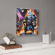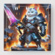 Relógio Quadrado Gato Guerreiro em Armadura com Espada Luminosa
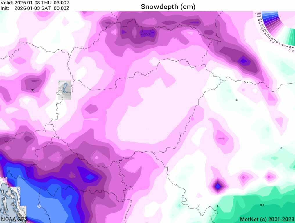 Hétfőn este melegfront érkezik, ami főként északra és keletre hoz csapadékot, zömében havat, de előfordul majd vegyes halmazállapotú csapadék is.
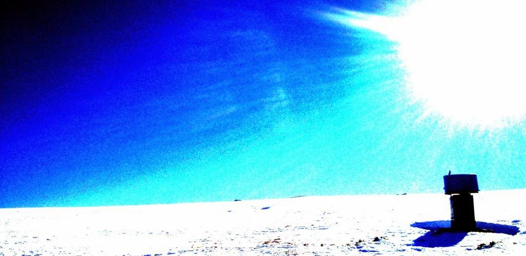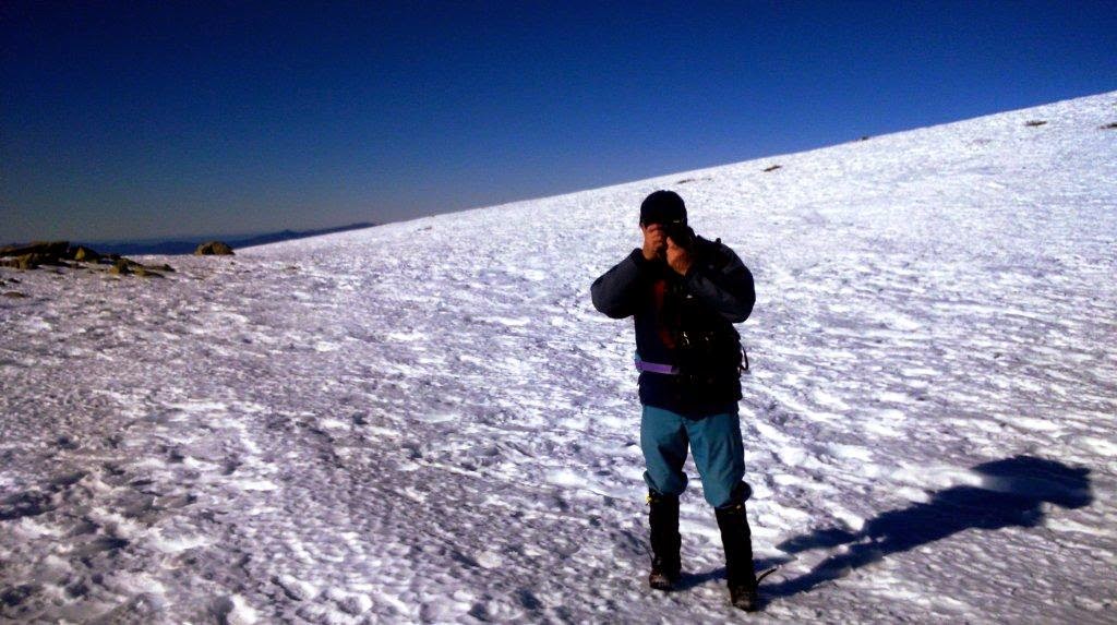 Descorchamos el benjamín de cava y lo repartimos en dos vasos. Manolo y yo brindamos por su cumpleaños mirando hacia el círculo de Hoya Moros. A nuestra espalda, La Ceja y delante el Paso del Diablo y los Dos Hermanitos, un poco a la derecha Peña Negra, jugando con el pantano. Habíamos acampado para comer en unas peñas libres de nieve en el suave descenso hacia Hoya Moros, tras llegar allí desde El Calvitero. Cumplimos todos los ritos, sobre todo el que manda brindar por nosotros, por los presentes, para celebrar la vida cuando se disfruta. Porque todo lo otro se quedó abajo, en los primeros pasos del ascenso.

------------------------------------------------------------

*WHAT IS EXPECTED*. Quote, please, every line of the material above from its start through the line that has "Hétfőn este melegfront", reproducing the words exactly and dropping any images.

*TASK SOLUTION*.
 Relógio Quadrado Gato Guerreiro em Armadura com Espada Luminosa
 Hétfőn este melegfront érkezik, ami főként északra és keletre hoz csapadékot, zömében havat, de előfordul majd vegyes halmazállapotú csapadék is.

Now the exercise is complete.